Apa beda sunblock dengan sunscreen?

Jangan bingung dengan istilah suncreen dan sunblock . Itu hanyalah istilah nama barangnya, keduanya merupakan produk tabir surya yang bisa melindungi kulit dari kerusakan akibat matahari dengan kandungan dari masing-masing merk yang sedikit berbeda. Sunblock , lebih berfungsi sebagai tembok yang memblok atau memantulkan sinar ultraviolet.Sunblock memiliki kandungan miberal seperti zinc oxide atau titanium dioxide sebagai bahan utama sehingga cocok digunakan jika Anda atau salah satu anggota keluarga ada yang memiliki kulit sensitif. Perlindungan yang diberikan sunblock bersifat fisik dan hanya bisa menghalangi sinar UVB.

Dibanding sunblock, sunscreen memiliki kemampuan untuk meresap hingga lapisan dermis. Sehingga, akan menangkal paparan sinar UVA yang efeknya lebih kuat merusak kulit. Sunscreen mengandung bahan kimia seperti avobenzone dan oxybenzone sehingga tidak cocok bagi yang memiliki kulit sensitif.

Lebih bagus mana melindungi kulit dengan sunblock atau sunscreen?

Keduanya dapat digunakan untuk menangkal pengaruh radiasi sinar ultraviolet, asal saat membeli produk harus diperhatikan produk tabir surya tersebut mengandung bahan dasar yang penting dalam menangkal UVA dan UVB dan tidak gampang hilang kena air, maka lotion itu bagus. Karena saat ini juga sudah banyak sunblock yang juga memiliki kandungan yang dapat menangkal kedua sinar UVA dan UVB.

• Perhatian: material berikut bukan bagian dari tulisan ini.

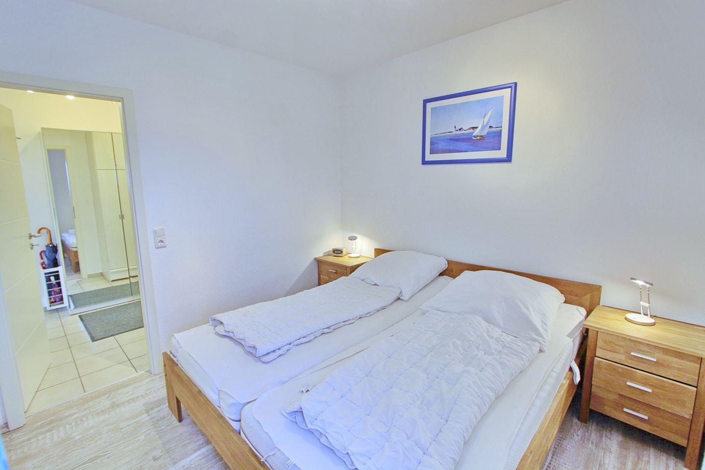 Gleich links befindet sich das Schlafzimmer mit Doppelbett (2 x 90 x 200 cm) und Fenster mit Seeblick und Außenrollläden. Weiter geht es in das zweite Schlafzimmer mit Einzelbetten (90 x 200 cm) und Nachtschränken. Ein Fenster mit Seeblick und Außenrollläden ist ebenfalls vorhanden. Bevor es in das Tageslicht Duschbad mit WC, Waschbecken und beleuchteten Spiegel geht, kommen Sie an der offenen Küchenzeile vorbei. Diese ist ausgestattet mit einem Cerankochfeld, Backofen, Mikrowelle, Kühlschrank mit Gefrierfach, Geschirrspülmaschine und weitere Küchenhelfer. Den Flur entlang befindet sich das Wohnzimmer. Eine gemütliche Eckcouchgarnitur mit zwei Sesseln lädt zum geselligen beisammen sein ein. Ein Radio und ein Flach TV stehen zur Unterhaltung bereit. Der Essbereich bietet ausreichend Platz.

Apa perbedaan sinar UVA dan UVB dan UVC?

Sinar UVA (ultraviolet type A) adalah radiasi matahari yang panjang gelombangnya 320-400 nm. Tidak menyebabkan kemerahan dan nyeri. UVB (ultraviolet type B) adalah radiasi matahari yang panjang gelombangnya 290-320 nm lebih menyebabkan luka bakar (kemerahan) juga lebih nyeri. UVC adalah radiasi 280-100 nm penghasil ozone di lapisan ozone , dapat membasmi microorganisma dengan cara menghancurkan nucleic acid dalam DNA-nya. Sinar UVC lebih dulu terserap ozon sebelum mampu memanaskan bumi.

Apakah efek sinar UVA dan UVB?

UVA (ultraviolet type A) menyebabkan kerusakan kulit permanen sampai terjadi kerusakan DNA yang dapat menyebabkan kanker kulit juga menyebabkan kulit jadi lebih gelap, sedangkan UVB menyebabkan kulit terbakar kemerahan dan nyeri.

Apa yang dimaksud dengan SPF 15, 30, 40, 50? Dan apakah perbedaan dari masing-masing?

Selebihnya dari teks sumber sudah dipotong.